彰子中宮に若宮(敦成親王)が誕生なさったことは、道長殿にとっては、まことに待望の慶事でございました。ご出産にあたっての様々な御祈りや、御誕生後の御行事のどれもこれも、先例を見ないほどの豪華にして御心を尽くされたのも当然のことと申されましょう。
しかも、この慶事は、道長殿にとりまして、また彰子中宮にとりましても、さらなる御繁栄への始まりでもありました。


さて、若宮(敦成親王)のまことに際立った美しさは、山の端からさし昇った望月などのようでいらっしゃるのを、帥殿(ソチドノ・故道隆の子、伊周。故定子皇后の兄。)の一門の人々は、胸がつぶれんばかりに大変な事だとお思いになって、人知れず長年御心の内で描いていた事どもも、すっかり当てが外れてしまったように思われ、
「やはり、この世においては、世間から物笑いにされて終る身であったようだ。まことに情けないことだ。思いがけなくすばらしい夢など見て(定子が敦康親王を儲けたこと)からは、これから先は望みをかけたが、『異なることなき人の例の果て見て(格別な事のない人でも、最後まで見て初めて平凡であったかどうか分る・・当時の諺か?)』などと世間では言っているのだから、いくらなんでもと、そのまま精進や斎戒で過ごし、ひたすら仏神をお頼みしてきたが、今となってはこれまでの定めであるらしい」と、御心の内で嘆かれるお気持ちになられ、「あてにもならない事に頼みをかけて世を過ごすのは、たいそう見苦しいことなど出てきて、いよいよ生きがいのない有様に追込まれるに違いない。どうしたものか」などと、御叔父の明順、道順(アキノブ、ミチノブ・高階氏。伊周の母方の叔父。)らに相談なさる。

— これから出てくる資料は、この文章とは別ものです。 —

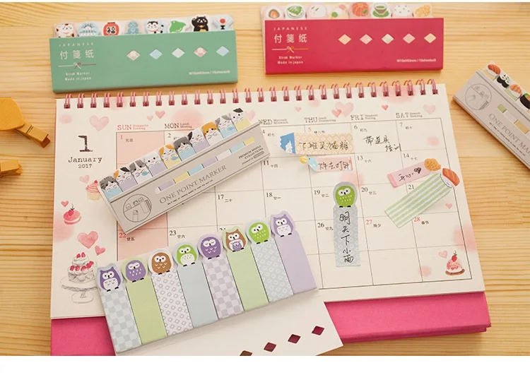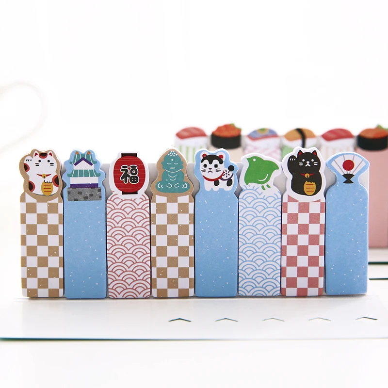 8 шт с принтом героини мультфильма бумаги для заметок на клейкой основе маркер-выделитель пост Блокнот японский Стиль кошка стикеры с суши метка школьные принадлежности F380

「たしかに世の有様は、おっしゃる通りです。そうだといって、ほかにどうすることが出来ましょうか。ただ御命だけご無事であるようにと、その事だけをお頼みしていくしかありません」などと、しみじみとしたあれこれを涙ながらに申し上げるので、帥殿も、「こうして、何することなく罪業を積み重ねていくというのも、全くつまらないことであろう。物の因果の道理を知らない身でもないのだから、何事を期待しているのかと思うと、たいそう虚しいことだ。やはり、今となっては出家して、しばらく修行して、せめて後世の安楽を願うことにしようと思うにつけても、一途に発起した道心でもないので、山林に住んで経を読み修行をしても、俗世の事などを忘れてしまえそうもない。そのように様々な俗縁にまつわれながら、念誦や読経を行っても何の甲斐があるのだろうかと思うと、まだ、とても決心がつかないのだ」などと言い続けられる。たいそういたわしいことである。
中納言(伊周の弟、隆家。)、僧都の君(同じく、隆円)なども、世の中に対しては同じ思いではあるが、それほど深くお考えにならず、気軽そうに見受けられる。
この殿(伊周)だけは、万事において世の流れに絶えず心を痛められているご不運なので、いっそうおいたわしいことである。